Truth About Computer Security Hysteria
Virus panics until the world obeys!
George C. Smith, Ph.D.,
Sunday, 28 May 2000
I was in Maui a week or so ago defending and observing the infrastructure. (I saw that smirk!)
While I was there, the San Francisco Examiner ran an above-the-fold story about NewLove virus
"raging" through the Internet. In the past few weeks, viruses are always "raging." It was
said to be decimating the infrastructure a mere two weeks after LoveBug.
I checked the infrastructure on the west side of Maui. It was pretty good. ATM's worked. Planes carrying
tourists came in. Business bizzed. T-shirt shops in LaHaina, all using computers, sold crummy T-shirts in bulk.
Car rentals rented. The restaurants overcharged. All computerized. Maui was red hot.
Predictions of infrastructure doom were falling on deaf ears. Oh sure, plenty of people saw the news. But
did they care? Empirical evidence suggested not.
Fast forward to Pasadena on Saturday, May 27. Another virus is "raging" through the Internet, set
to take advantage of the Memorial Day weekend. How do I know? AP, the NIPC and a couple anti-virus
companies said so. They must be right! Right? Page your network administrator! Send a blizzard of e-mail
I asked the neighbors, who were barbecuing, if they had been frightened by NewResumeNotBugLoveButSortaLikeMelissa.

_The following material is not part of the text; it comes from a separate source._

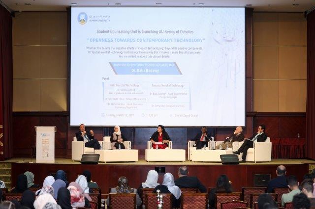 نظمت وحدة الإرشاد الطلّابي بعمادة شؤون الطلبة في جامعة عجمان أول مناظرة ضمن سلسلة من المناظرات، بعنوان " الانفتاح على التكنولوجيا المعاصرة" شارك فيها كل من الدكتور كامران أرشد، عميد الدراسات العليا والبحوث، والدكتور فهر حياتي، عميد كلية الهندسة وتكنولوجيا المعلومات، والدكتور محمد نصر، رئيس قسم هندسة المعدات الطبية، والدكتورة زهرة قديس، من كلية الصيدلة والعلو الصحية، والدكتور بلال زكارنة، رئيس قسم اللغات الأجنبية، وذلك بإشراف الدكتورة داليا بديوي مديرة وحدة الإرشاد.

They were enjoying the weekend and would not obey. I went to the supermarket. No problem — bought peel-and-eat
shrimp. Maybe computers were going to get corrupted at the start of the work week, but for now, it looked like
everyone was going to PARTY 'TIL THE WORLD OBEYED!
So here's the crux of it. I made the point during LoveBug that people didn't really want to do anything productive
about computer viruses except make a mass concerned noise and run around pretending that their hair was on fire.
Get ready for more alarms, I predicted. They're coming your way, I said. No one really cares enough.
Viruses are too great as publicity ops for Congress, computer pundits and security firms.
Info-war with viruses is Hell! But never so hellish it can't be used for an advertorial...
It took merely a week for my prediction to come true. I would have guessed more than a month.
So, my questions are these:
- What should be the function of anti-virus companies and/or NIPC virus-stoppers? To stop viruses and educate
about them? Or just to alarm on them? If it's the latter, we're paying too much for the service. Any yahoo can
start a computer virus warning service. Multiples of viruses are published each day and it's not much serious work
at all to issue publicity statements on handfuls that fall into your hands. There's no barrier to entry. Who
should do it? The government? The corporate sector? Anybody and everybody, the more the merrier?
If you want anti-virus companies and/or NIPC to stop viruses more effectively, or educate about them, why aren't
they? It's not like the currency in computer viruses has passed a technological milestone utterly baffling to
virus-hunters. This stuff was well understood years ago.
Do you feel educated about computer viruses? "They're bad stuff; practice safe hex, keep your anti-virus
software up to date," doesn't cut it.
OK. Write Michelangelo or any other "popular" virus of your choice in pseudo-code statements. That is,
construct a logical decision tree written in -plain, jargon-free English- that describes the stepwise action of the
virus when it is executed. If you can't, that's OK, too.
- How do media, NIPC and press release alarms every three days about whatever new virus has been sampled from a
virus-writer's collection serve the greater good? Be precise, give examples.
Do they result in less viruses in circulation or more? Do you think virus-writers are stimulated by public
attention, by a "jazz" received from knowing authority figures are huffing and puffing about them? Or
are virus-writers running for cover, vowing to mend their evil nerd ways, fearful that they will soon be dispatched
to the trashpits of Gehenna by an angry mob. Do you think most virus-writers take the statements of law
enforcement and Congress seriously? If not, what are the implications for policy or laws aimed specifically at
Do you think frenzies over computer viruses artificially cock expert and journalistic reporting on the subject?
- If the same "experts" have said the same thing about computer viruses before government bodies for
the past four years — and they have, trust your friendly interlocutor on this one — what can be said, using
observation and critical sense, about the effect and nature of the debate on the subject? That it does no good?
Or that it does lots of good? Or is it impossible to measure? Who benefits directly from these regular circular
discussions? Do you feel "experts" are accurately describing the precise degree, intensity and nature of
the computer virus threat?
- When do you think the "infrastructure" of the US will fail -catastrophically- due to a computer
virus? (OK — I'll make this easy. When do you think a computer virus will make something like half of Los Alamos
burn down in a day?) Explain.
Try to avoid over-reliance on computer security jargon or impressive-sounding but vague wonk-speak.